A verbatim copy of all the data is required; the pictures should not appear in it.

== Segment start ==

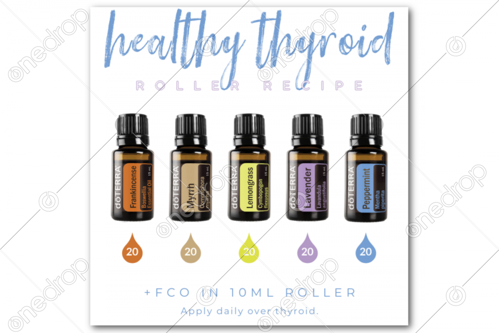 Use this Healthy Thyroid roller blend to support your thyroid as an important part of the endocrine system. It includes: Frankincense, Myrrh, Lemongrass, Lavender, and Peppermint. Apply daily over the thyroid.
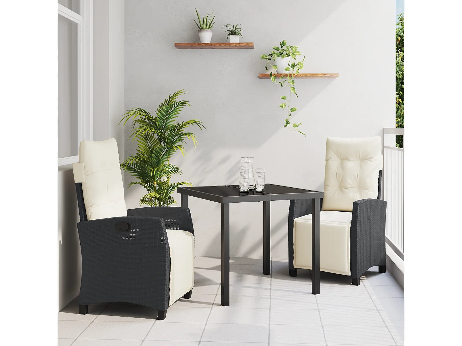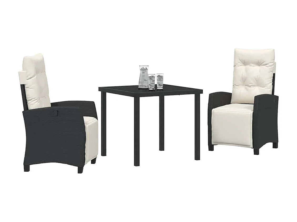 Set da giardino 3 pezzi con cuscini in polyrattan nero
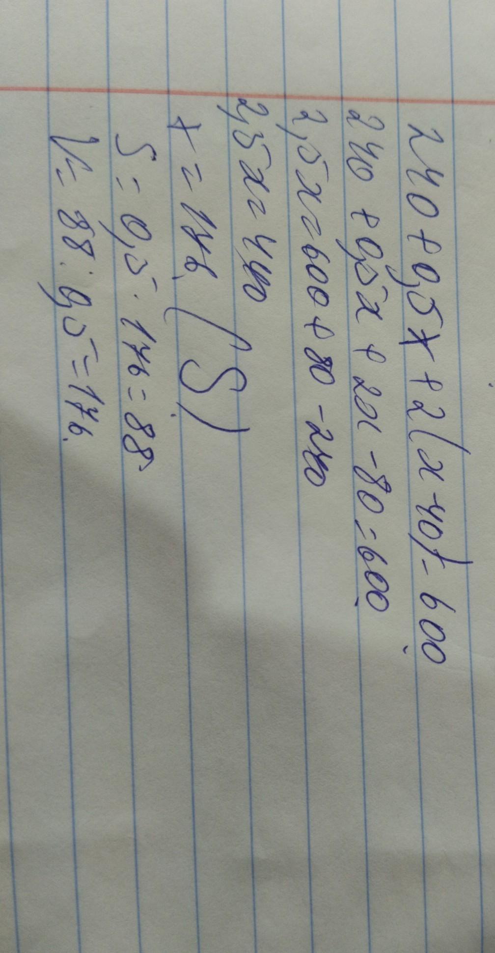 7. Cocтaвьте математическую модель для данной задачи. «Длина туристического маршрута составляет 600 км. Турист в течение 2 часов ехал на автобусе со скоростью 120 км/ч, затем двигался на самокате 30 минут со скоростьюю х км/ ч. Оставшуюся часть пути он прошел пешком за 2 часа со скоростью, которая на 40 км/ меньше скорости движения на самокате. Какова скорость движения на самокате?»
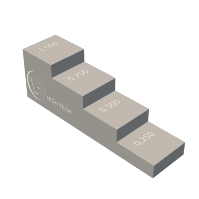 The 4-step block is used to gauge thickness and linearity. The steps are 0.250″/6.25mm, 0.500″/1205mm, 0.750″/18.75mm and 1.000″/25mm thick with each step face measuring 0.750 “x0.750″/20mmx20mm. The block is manufactured in accordance with ASTM E797. If needed, we offer customization for additional and larger steps.
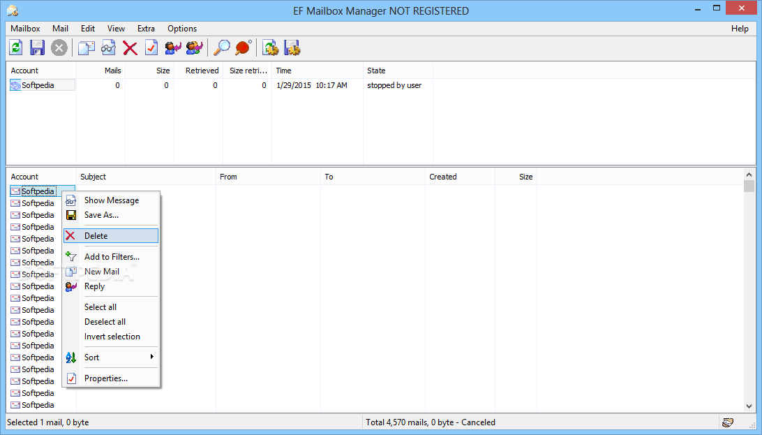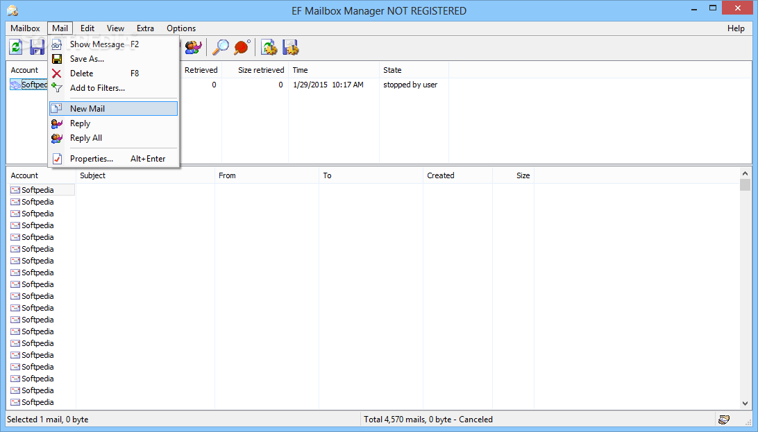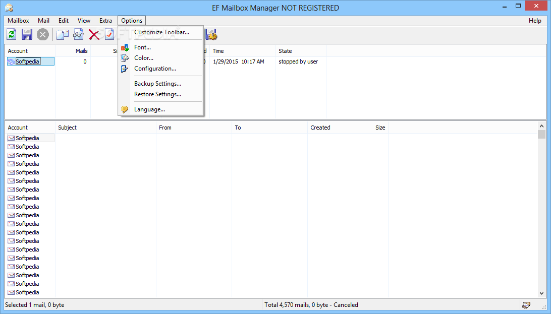 You can download EF Mailbox Manager which is 3.04 MB in size and belongs to the software category E-mail. EF Mailbox Manager was released on 2016-05-27 and last updated on our database on 2017-03-07 and is currently at version 8.5.
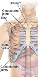 A similar condition known as slipping rib syndrome is also associated with chest pain and inflammation of the costal cartilage.[17] Unlike costochondritis, the pain associated with slipping rib syndrome is often felt in the lower ribs, abdomen, and back, commonly affecting the interchondral junctions of the false 8th to 10th ribs.[18][19] Costochondritis is typically experienced within the sternocostal junctions of the true 2nd to 5th ribs.
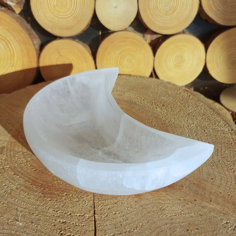 Diese mittelgroße Selenit Schale in der Form eines Mondes ist der ideale Weg, um Heilsteine gleichzeitig aufzubewahren, zu reinigen und aufzuladen.
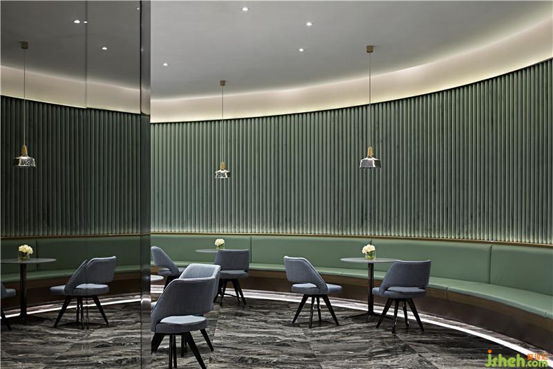 步入咖啡廳,設(shè)計師運用綠色與藍(lán)色,隱喻山與海,在現(xiàn)代建筑中營造自然的氛圍。舒適田園是掙脫現(xiàn)實的一畝良田,喚醒人們對生活本真面貌的追求。室內(nèi)設(shè)計師
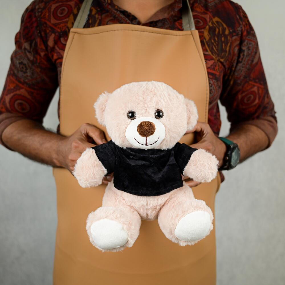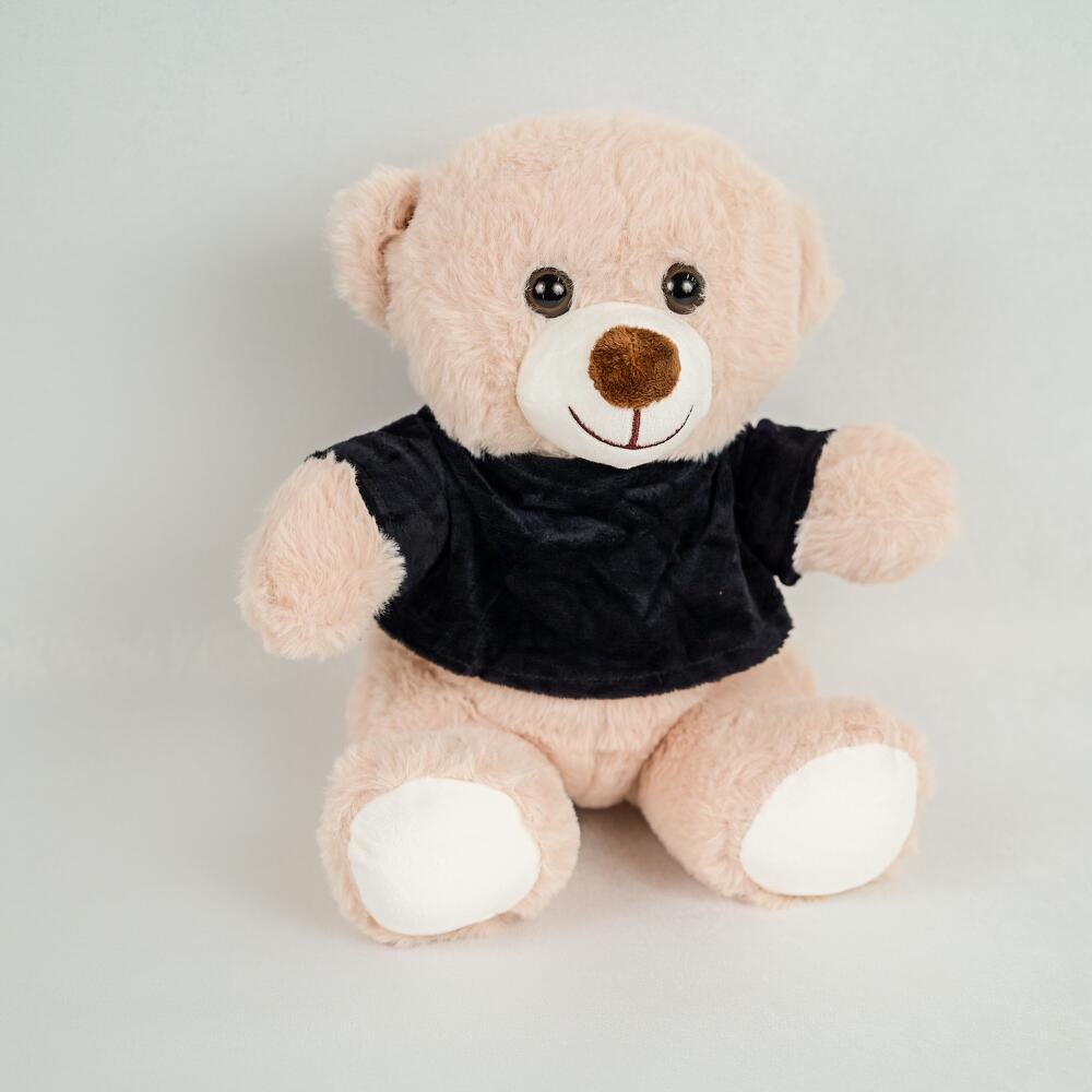 Светло-коричневый плюшевый мишка в чёрной футболке-5444
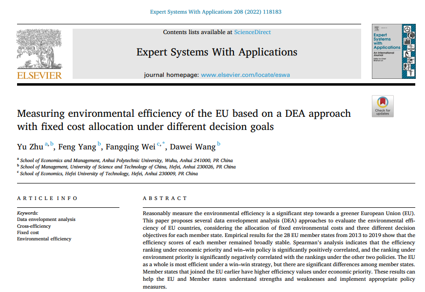 近日,经济与管理学院教师朱钰作为第一作者(日韩欧美福利视频_黑人巨大人精品欧美三区_欧美成人另类人妖_欧美在线精品一区二区三区_欧美一区二区三区性视频_日韩精品欧美视频_性欧美极品xxxx欧美一区二区为第一单位)与中国科学技术大学杨锋教授、合肥工业大学魏方庆副教授以及中国科学技术大学博士生王大伟在《Expert Systems with Applications》在线发表了题为“Measuring environmental efficiency of the EU based on a DEA approach with fixed cost allocations under different decision goals”的学术论文。Expert Systems With Applications 是国际权威期刊,中科院大类一区,JCR一区,IF 8.665。
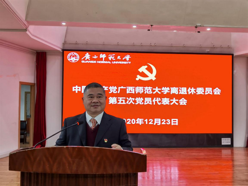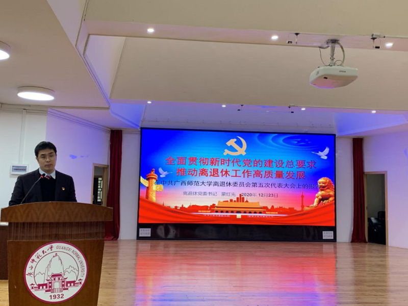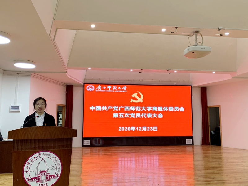 离退休党委负责人代表本届离退休党委作《全面贯彻新时代党的建设总要求,推动离退休工作高质量发展——中共广西师范大学离退休委员会工作报告》。报告回顾总结了本届党委、纪委四年来的工作,分析面临形势,谋划今后五年工作目标任务。他指出,通过换届工作,将增强离退休党委政治功能,提升离退休党委组织力,充分发挥离退休党委的政治核心作用和战斗堡垒作用,团结带领全体党员,为实现学校“十四五”发展目标,奋力实现高水平大学建设,推动离退休工作高质量发展。
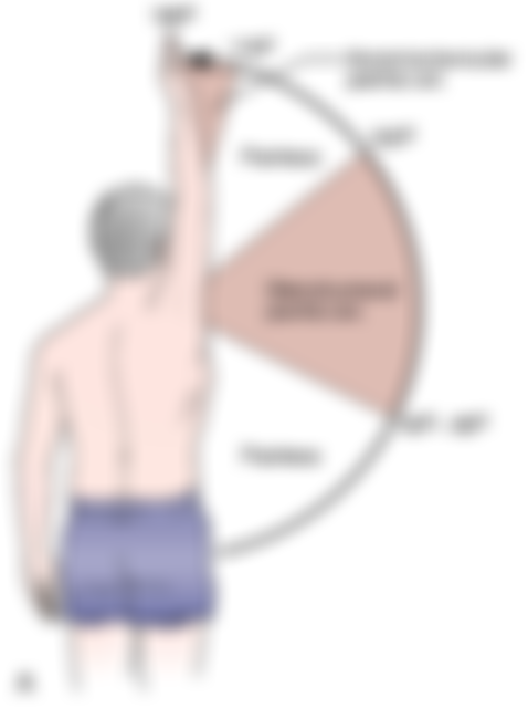 38 下列有關肩關節動作之疼痛弧(painful arc)的敘述,何者正確?
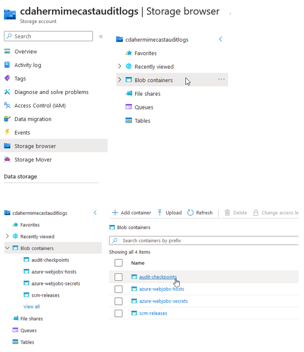 - Select the Container from the left panel, select the Blob Containers, and locate the relevant checkpoints folder (folder names for the different connector types are described in the table at the bottom of this section):
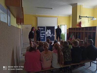 Dzisiaj policjanci KPP w Kolnie spotkali się z uczniami klas 0-III. Była to doskonała okazja, aby poprzez zabawę przypomnieć o podstawowych zasadach bezpieczeństwa na ulicy, w szkole, w domu. Dziękujemy naszym gościom!!

== Segment end ==

> [Final answer]
 Use this Healthy Thyroid roller blend to support your thyroid as an important part of the endocrine system. It includes: Frankincense, Myrrh, Lemongrass, Lavender, and Peppermint. Apply daily over the thyroid.
 Set da giardino 3 pezzi con cuscini in polyrattan nero
 7. Cocтaвьте математическую модель для данной задачи. «Длина туристического маршрута составляет 600 км. Турист в течение 2 часов ехал на автобусе со скоростью 120 км/ч, затем двигался на самокате 30 минут со скоростьюю х км/ ч. Оставшуюся часть пути он прошел пешком за 2 часа со скоростью, которая на 40 км/ меньше скорости движения на самокате. Какова скорость движения на самокате?»
 The 4-step block is used to gauge thickness and linearity. The steps are 0.250″/6.25mm, 0.500″/1205mm, 0.750″/18.75mm and 1.000″/25mm thick with each step face measuring 0.750 “x0.750″/20mmx20mm. The block is manufactured in accordance with ASTM E797. If needed, we offer customization for additional and larger steps.
 You can download EF Mailbox Manager which is 3.04 MB in size and belongs to the software category E-mail. EF Mailbox Manager was released on 2016-05-27 and last updated on our database on 2017-03-07 and is currently at version 8.5.
 A similar condition known as slipping rib syndrome is also associated with chest pain and inflammation of the costal cartilage.[17] Unlike costochondritis, the pain associated with slipping rib syndrome is often felt in the lower ribs, abdomen, and back, commonly affecting the interchondral junctions of the false 8th to 10th ribs.[18][19] Costochondritis is typically experienced within the sternocostal junctions of the true 2nd to 5th ribs.
 Diese mittelgroße Selenit Schale in der Form eines Mondes ist der ideale Weg, um Heilsteine gleichzeitig aufzubewahren, zu reinigen und aufzuladen.
 步入咖啡廳,設(shè)計師運用綠色與藍(lán)色,隱喻山與海,在現(xiàn)代建筑中營造自然的氛圍。舒適田園是掙脫現(xiàn)實的一畝良田,喚醒人們對生活本真面貌的追求。室內(nèi)設(shè)計師
 Светло-коричневый плюшевый мишка в чёрной футболке-5444
 近日,经济与管理学院教师朱钰作为第一作者(日韩欧美福利视频_黑人巨大人精品欧美三区_欧美成人另类人妖_欧美在线精品一区二区三区_欧美一区二区三区性视频_日韩精品欧美视频_性欧美极品xxxx欧美一区二区为第一单位)与中国科学技术大学杨锋教授、合肥工业大学魏方庆副教授以及中国科学技术大学博士生王大伟在《Expert Systems with Applications》在线发表了题为“Measuring environmental efficiency of the EU based on a DEA approach with fixed cost allocations under different decision goals”的学术论文。Expert Systems With Applications 是国际权威期刊,中科院大类一区,JCR一区,IF 8.665。
 离退休党委负责人代表本届离退休党委作《全面贯彻新时代党的建设总要求,推动离退休工作高质量发展——中共广西师范大学离退休委员会工作报告》。报告回顾总结了本届党委、纪委四年来的工作,分析面临形势,谋划今后五年工作目标任务。他指出,通过换届工作,将增强离退休党委政治功能,提升离退休党委组织力,充分发挥离退休党委的政治核心作用和战斗堡垒作用,团结带领全体党员,为实现学校“十四五”发展目标,奋力实现高水平大学建设,推动离退休工作高质量发展。
 38 下列有關肩關節動作之疼痛弧(painful arc)的敘述,何者正確?
 - Select the Container from the left panel, select the Blob Containers, and locate the relevant checkpoints folder (folder names for the different connector types are described in the table at the bottom of this section):
 Dzisiaj policjanci KPP w Kolnie spotkali się z uczniami klas 0-III. Była to doskonała okazja, aby poprzez zabawę przypomnieć o podstawowych zasadach bezpieczeństwa na ulicy, w szkole, w domu. Dziękujemy naszym gościom!!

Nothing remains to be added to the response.